Variety found that half of US households now have a subscription VOD service like Netflix or Amazon Prime but the biggest trend, predictably, has been an increase in time spent on mobile devices.

In the past, making a brand a household name was relatively straightforward. Ad agencies would lavish a huge budget on a clever piece of creative based on Freudian theories that would tap into the psyche of their target market.

Let’s say it was food product. A PR company might have whipped up a survey to back up claims of how good it was for you. Remember the Milk Marketing Board’s slogans “full of natural goodness” and “drinka pinta milka day”? Almost innocent by comparison.

As for direct sales, in the art world it’s long been a common practice to use stooges in auction houses to force higher bids. Even street sellers use their own people planted in the crowd to whip up a buying frenzy. You could see the whites of their eyes, but not anymore.

That’s all old hat as black hat tactics take over online. The clever sales moves are all hidden, the stooges depersonalised. We’re subsumed and overcome, no longer maintaining any vestige of control. ‘THEY’ pull our strings from the dark recesses of cyberspace.

In the past, TV ad creatives would tailor their campaigns to fit viewer profiles around particular programmes. Now, online algorithms can make you tune in to things you never wanted to see.

The numbers game works both ways as social media sets great store by ‘friends’ and ‘followers’. The more friends and followers you have the better you work the system for its paymasters.

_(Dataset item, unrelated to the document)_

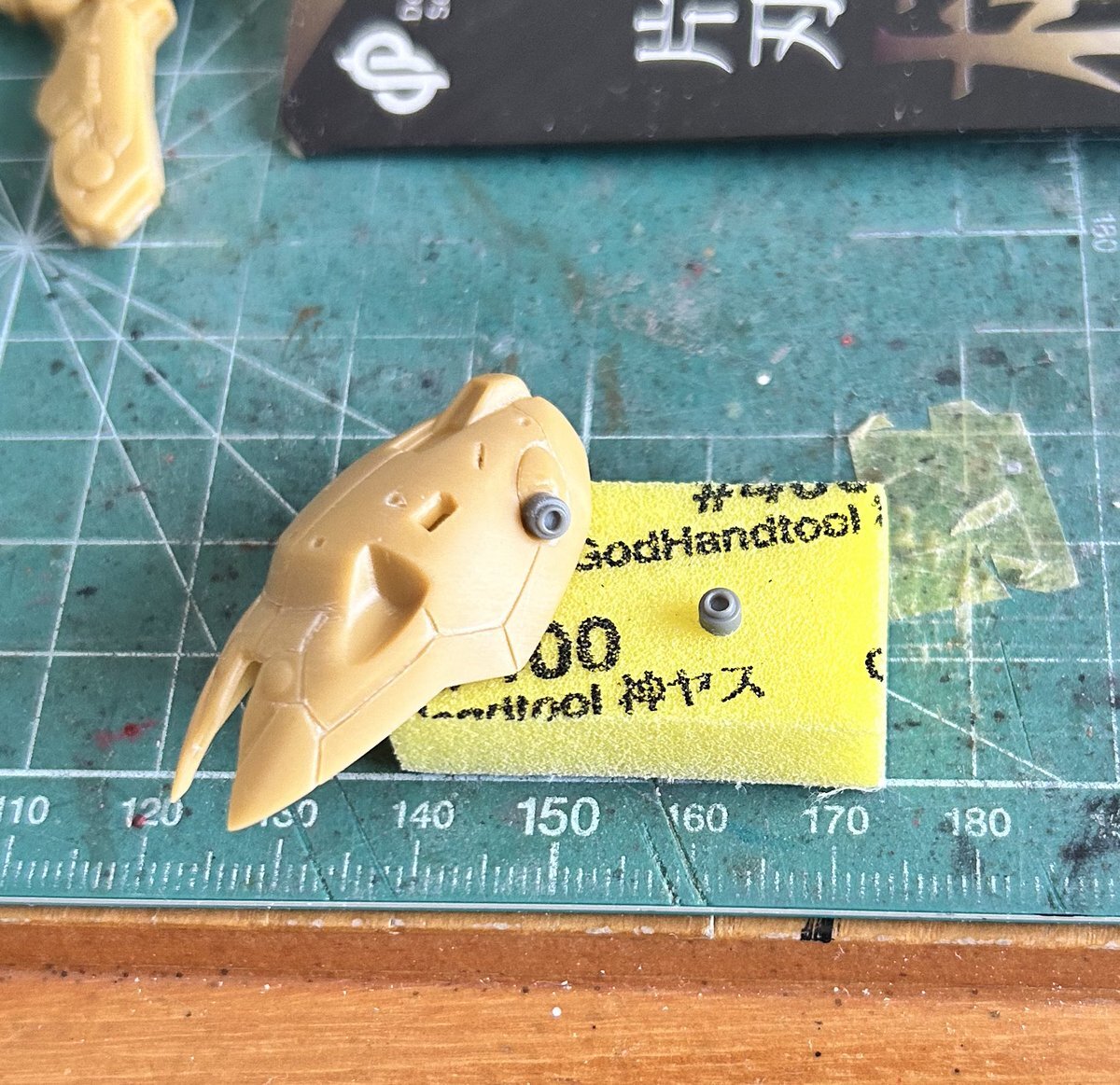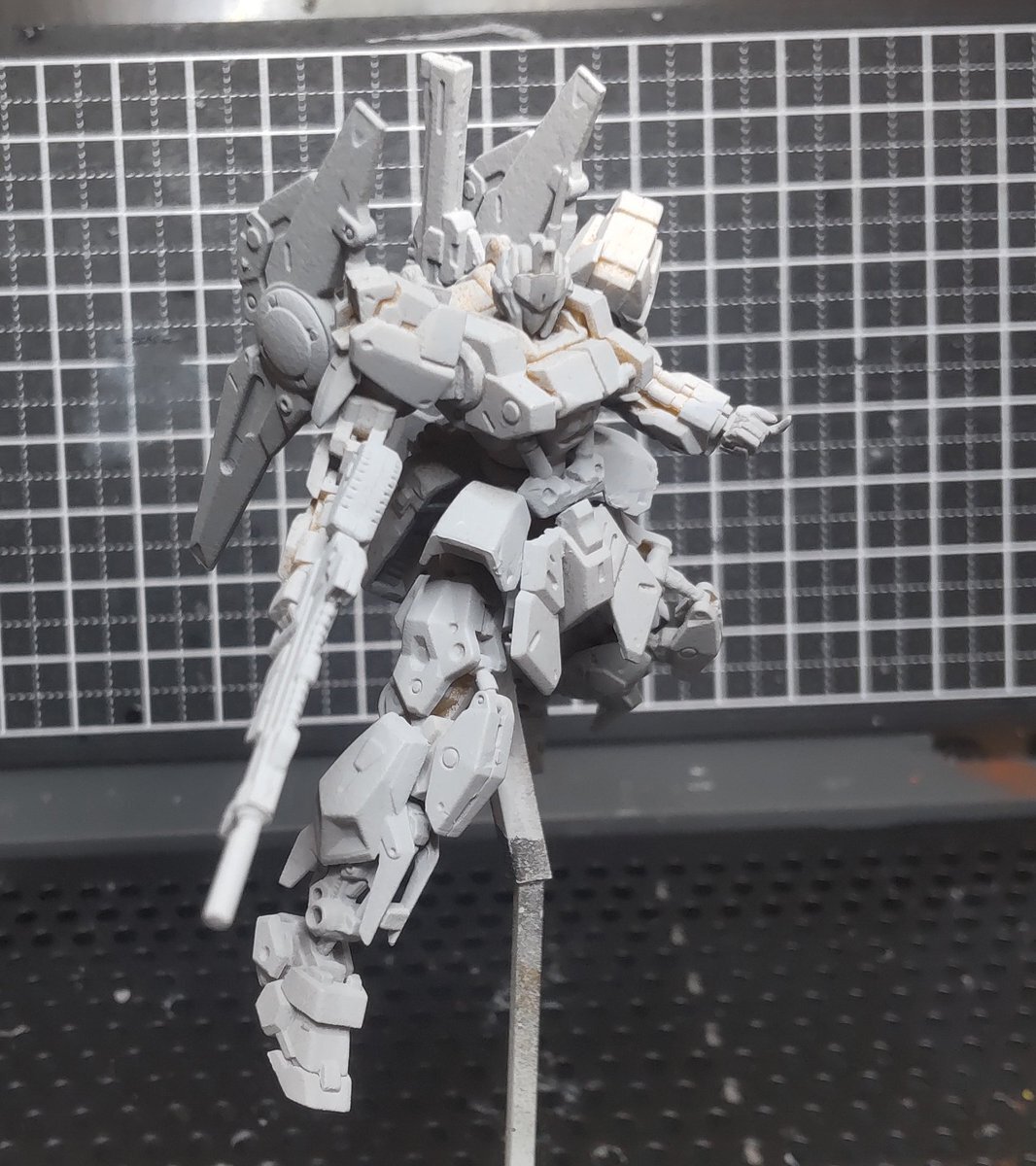 #シルヴァ・バレト・サプレッサー のんびり製作編 #ガンダムアーティファクト ここまで合わせ目がありましたが バックパックのパーツがパックリ隙間があるくらい酷いので タミヤ イージーサンディング で隙間を埋めてヤスってます😁✨ pic.x.com/LA7GFBaFf3

The psychology at work here is predicated on a basic need – to be liked. People barely have time for a handful or true meaningful friends in the real world. But Facebook algorithms make sure you’re constantly introduced to friends-of-friends-of-friends as you try to break the ceiling and bag 5,000 buddies as a badge of popularity.

The notion of ‘liking’ something and being the most popular is the new language of spin, and it can be manufactured.

As many as 48 million Twitter accounts aren't people, according to a recent study. New research from the University of Southern California and Indiana University shows that up to 15 percent of Twitter accounts are bots, not people.

But if a big portion of the likes, retweets and followers lighting up your Twitter account isn’t generated by human hand, what or who is generating it?

That’s the multi-million-dollar question. And to date, all too few of us have grasped the answer.